**Work item:**
Leave the pictures out. Return all other data exactly.

Material provided Start Marker

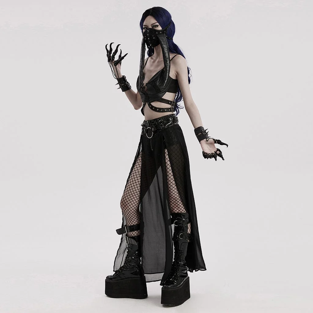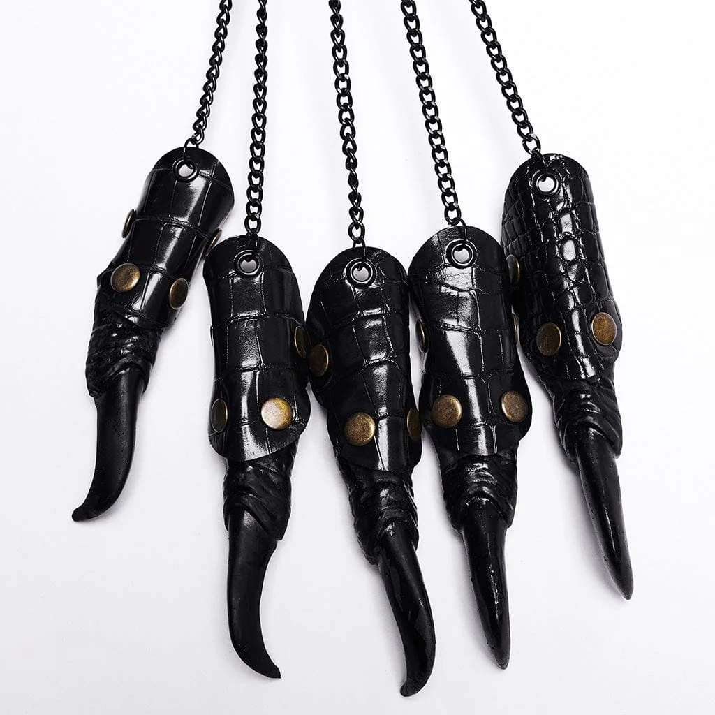 È realizzato in finta pelle. Alla radice del dito è presente un elastico che può essere indossato in modo flessibile. Cucitura in pelle al polso con chiodo a cono a punta pagoda. Le catene collegano il polso e le dita.
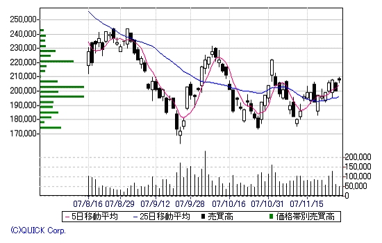 上記、図11を見てみよう。これは、りそなHDの日足チャートでの2007年8月16日から2007年11月29日値動きだ。図9の日経平均ほど、大きく値上がりしていないように見える。ところが、ここで知ってほしいことがある。日経平均とは「日経平均株価225種」というのが正式名称。日経とは、もちろん日本経済新聞社のこと。日本経済新聞社が、日本国内最優良企業の225社を、アメリカのダウジョーズ社の、ダウ式計算法(下に示す)にて算出されている。さてこの、りそなHDだが関東地方の地方銀行になる。地方銀行でも日経225種に含まれる。つまりこの図11の金額は図9の日経平均株価に影響しているのである。
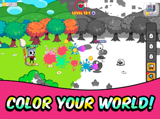As you progress, the grey world starts transforming into a lively and colorful one, and you'll need to reinvest your resources in various painting techniques and tools. You'll encounter different challenges and enemies, including pesky black-and-white creatures that will try to undo your hard work. To progress further, you'll need to upgrade your painting skills and unlock new areas to colorize. The greyed creatures and enemies will be more and more challenging, so you need to invest wisely!

Material provided End Marker

**Problem solution:**
 È realizzato in finta pelle. Alla radice del dito è presente un elastico che può essere indossato in modo flessibile. Cucitura in pelle al polso con chiodo a cono a punta pagoda. Le catene collegano il polso e le dita.
 上記、図11を見てみよう。これは、りそなHDの日足チャートでの2007年8月16日から2007年11月29日値動きだ。図9の日経平均ほど、大きく値上がりしていないように見える。ところが、ここで知ってほしいことがある。日経平均とは「日経平均株価225種」というのが正式名称。日経とは、もちろん日本経済新聞社のこと。日本経済新聞社が、日本国内最優良企業の225社を、アメリカのダウジョーズ社の、ダウ式計算法(下に示す)にて算出されている。さてこの、りそなHDだが関東地方の地方銀行になる。地方銀行でも日経225種に含まれる。つまりこの図11の金額は図9の日経平均株価に影響しているのである。
As you progress, the grey world starts transforming into a lively and colorful one, and you'll need to reinvest your resources in various painting techniques and tools. You'll encounter different challenges and enemies, including pesky black-and-white creatures that will try to undo your hard work. To progress further, you'll need to upgrade your painting skills and unlock new areas to colorize. The greyed creatures and enemies will be more and more challenging, so you need to invest wisely!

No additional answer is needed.